African American Political Pundit gives a hilarious take on the event, likening the give and take between the moderators and the crowd to an old-school rap Kurtis Blow concert. And I just have to include my sister’s take on it: an Obama/Edwards or Edwards/Obama ticket would be the hotttest, and win, ultimately, via a wet t-shirt contest.
The good: the moderators asked questions to each candidate. All eight candidates got to respond to the questions with pretty much equal time and took turns answering first so I didn’t get a sense of any candidate being marginalized by the format.
The bad: no issue was really dealt with in a substantive way or with any real depth. The 1 minute, then 30 seconds, then 15 second requirements for the candidates to respond really precluded any one issue to be analyzed deeply. So yes, it was a night for candidates to primarily show how quickly they can spin and how quickly they can think on their feet to respond rapid fire on issues being thrown at them.
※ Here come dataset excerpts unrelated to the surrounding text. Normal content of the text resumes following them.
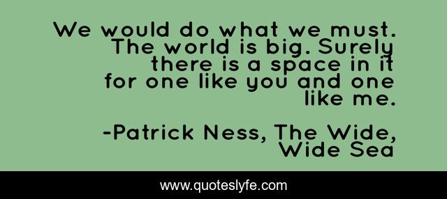 This page presents the quote "We would do what we must. The world is big. Surely there is a space in it for one like you and one like me.". Author of this quote is Patrick Ness, The Wide, Wide Sea. This quote is about world, spackle, place, space,.
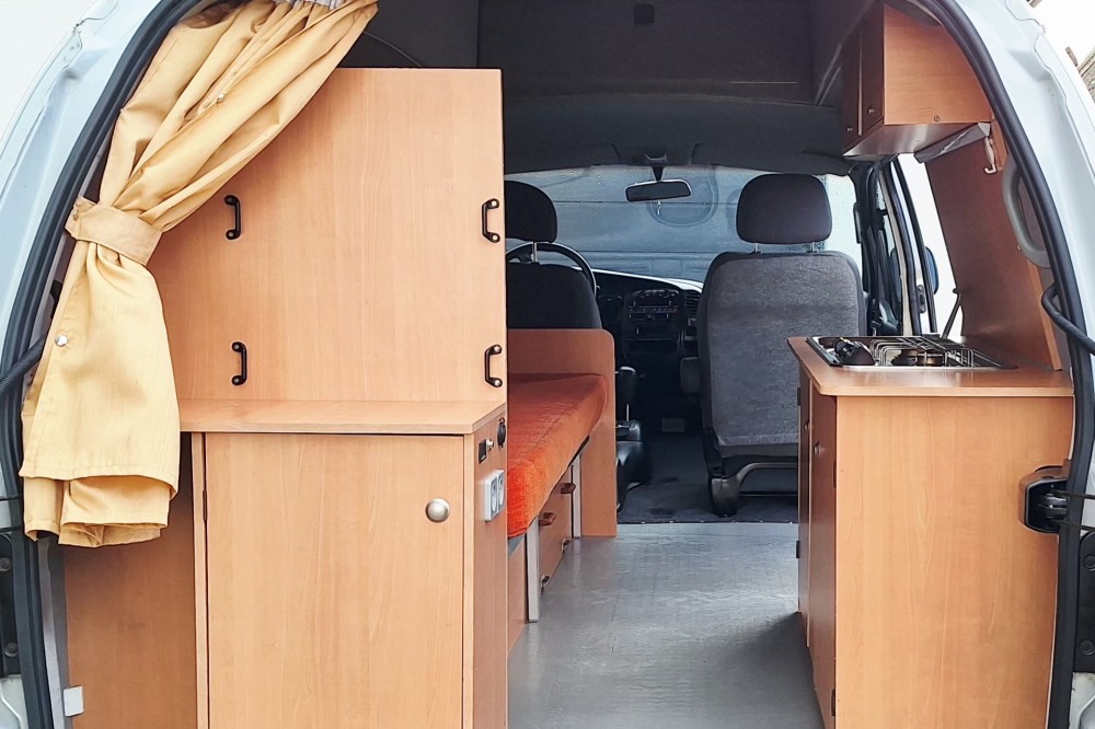 Hyundai H200 Compactcamper met verhoogd dak. Airco, Audio, cruise control, trekhaak. Door “Camper Trading Boekel” omgebouwd tot kampeerauto met twee zitplaatsen. Achterin bedbank, uitschuifbaar tot twee slaapplaatsen. Onder de bedbank technische ruimte en opberglade. Compact keukenblok plus bovenkastjes. Aanrecht met gootsteen, kraan, schoon & vuilwatertank en 2 pits gasstel. Huishoudaccu, kachel, omvormer met netvoorrangsschakeling. Oplaadkabel en verloop met 230v stekker. Dakluik met ventilator (2 richtingen). Luifel en elektrische uitschuif trede bij zijdeur. 2 oprijblokken / levellers. Outwell Country Road Campertent (340x240x225) met slaapcabine. Map met volledige onderhoud historie aanwezig.
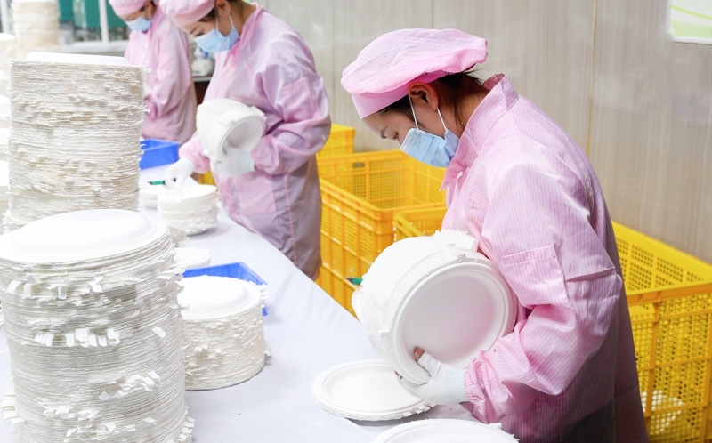 Immediately after molding, our PQC (Process Quality Control) team inspects semi-finished items directly on the line. We check for weight consistency and surface blemishes. Any piece of biodegradable tableware that does not meet our strict aesthetic standards is immediately rejected and recycled back into pulp.
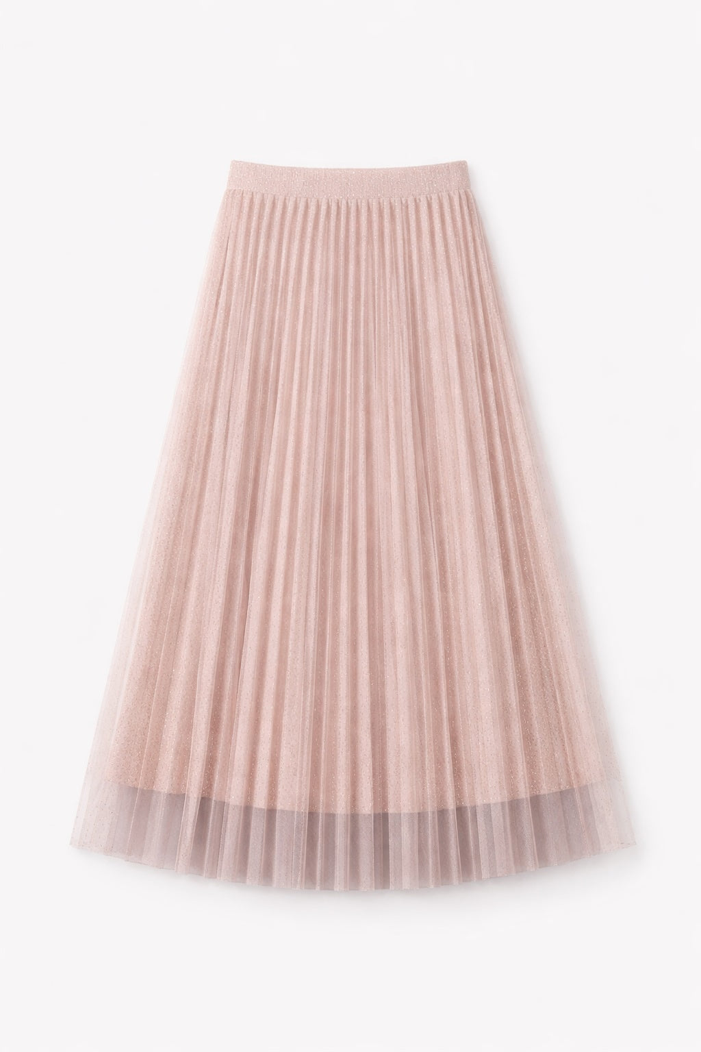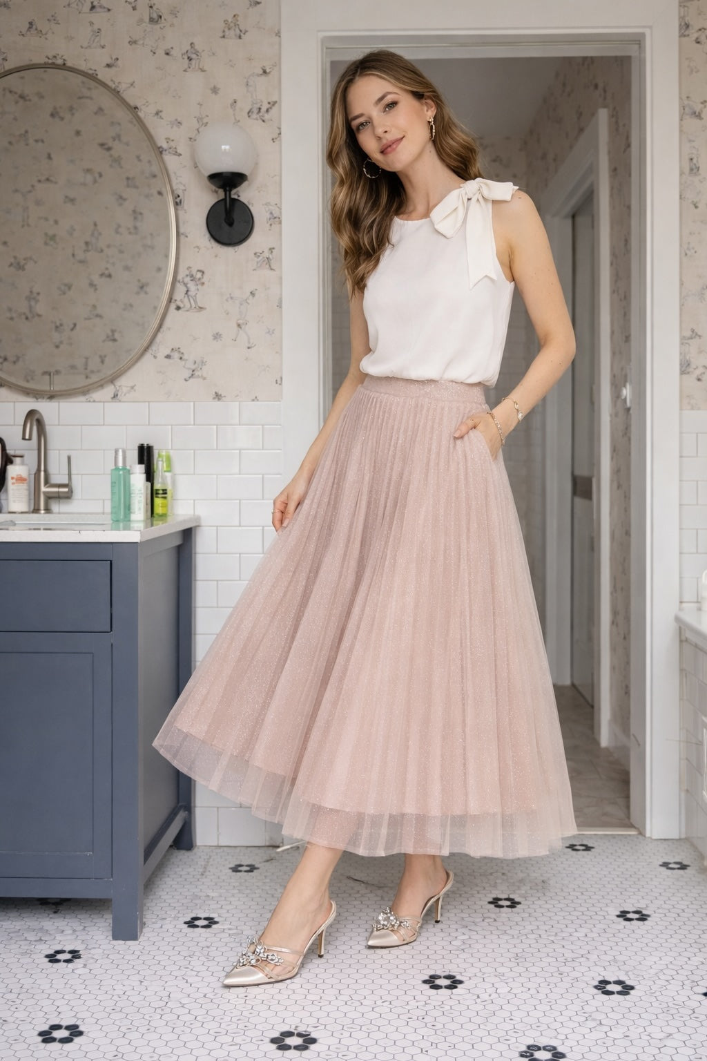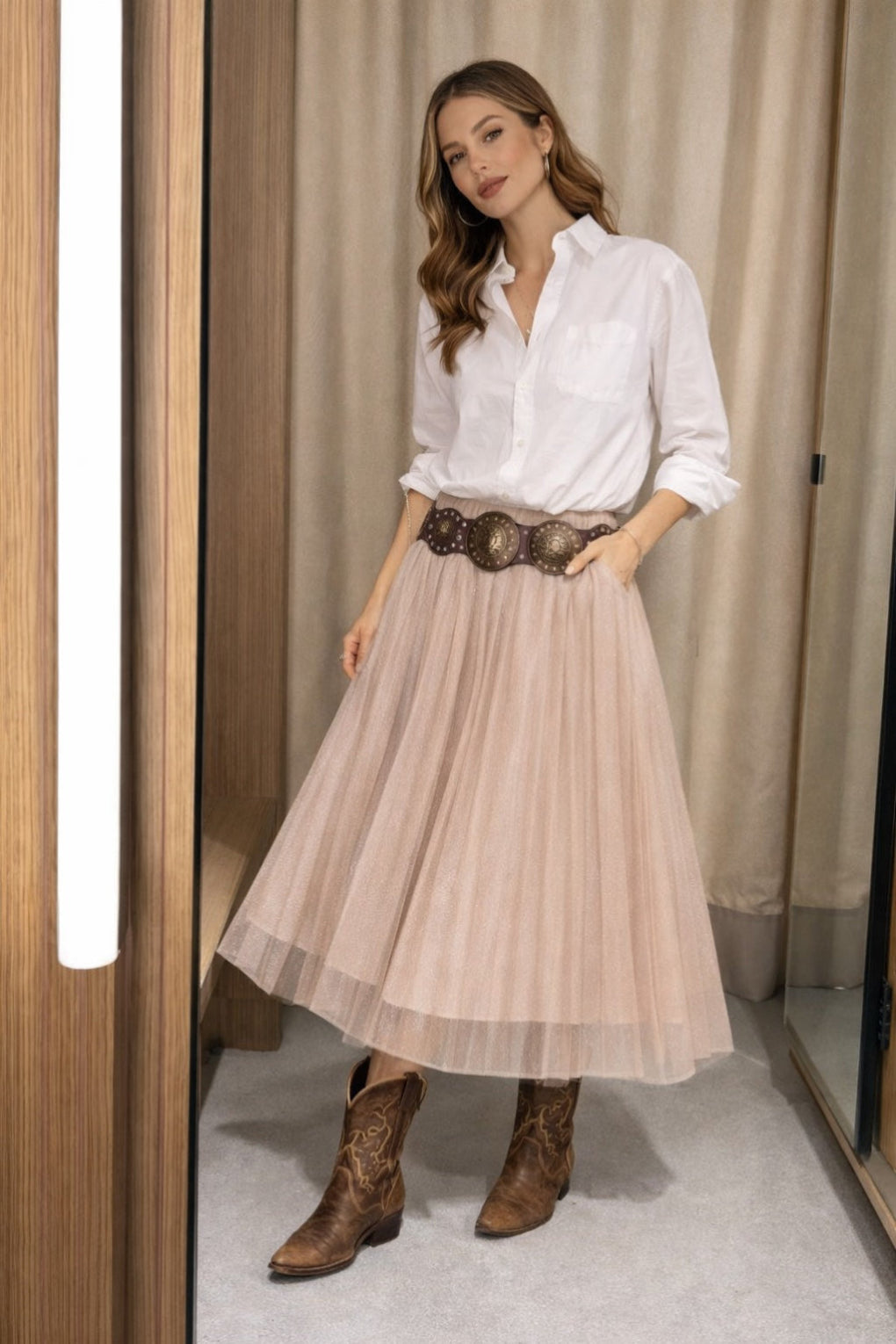 The Blush Pleated Midi is a true day-to-night staple with a distinctly day-to-night feel in a refined neutral palette. Designed with soft shimmer and fluid movement, this lightweight pleated skirt pairs just as effortlessly with a sleeveless blouse and heels as it does with a vintage leather belt and cowboy boots. The comfortable elastic waistband and airy double mesh layers create a flattering silhouette that moves beautifully. Feminine yet grounded, polished yet relaxed, this versatile skirt is made for spring and summer styling—brunch, dinner, events, travel, and everything in between.

I was surprised that the candidate who seemed to really shine and distinguish himself was not Obama or Clinton (although they had their moments) but Dennis Kucinich of all people. He hammered his antiwar message into every response consistently. His answers consistently got a good response from the crowd.
Mike Gravel, for some reason, reminded me of the character Howard Beale from the movie, “Network.” He didn’t seem to be there to try to endear himself to the crowd or his fellow candidates. He seemed there to play the role of renegade outsider to call his fellow candidates out and the American people to rile them up. Gravel made reference to “changing the system” and doing away with the War on Drugs. His ideas and delivery made it seem like he was trying to play the part of radical. He wasn’t always successful and at the end just seemed tired as he says none of his fellow candidates have any moral authority.
Overall, to learn more about the candidates I would like to see them in an in-depth interview setting with a thoughtful interviewer like Bill Moyers. I’d learn more about them as people and their positions on issues in such a setting much more so than the soundbite-ready Smackdown battle royale that was the event at Howard University.
Did I learn something? A little bit. I would have liked more meat and potatoes. But as far as these types of events go, it was fun to watch and I took it for what it was so I wasn’t too disappointed.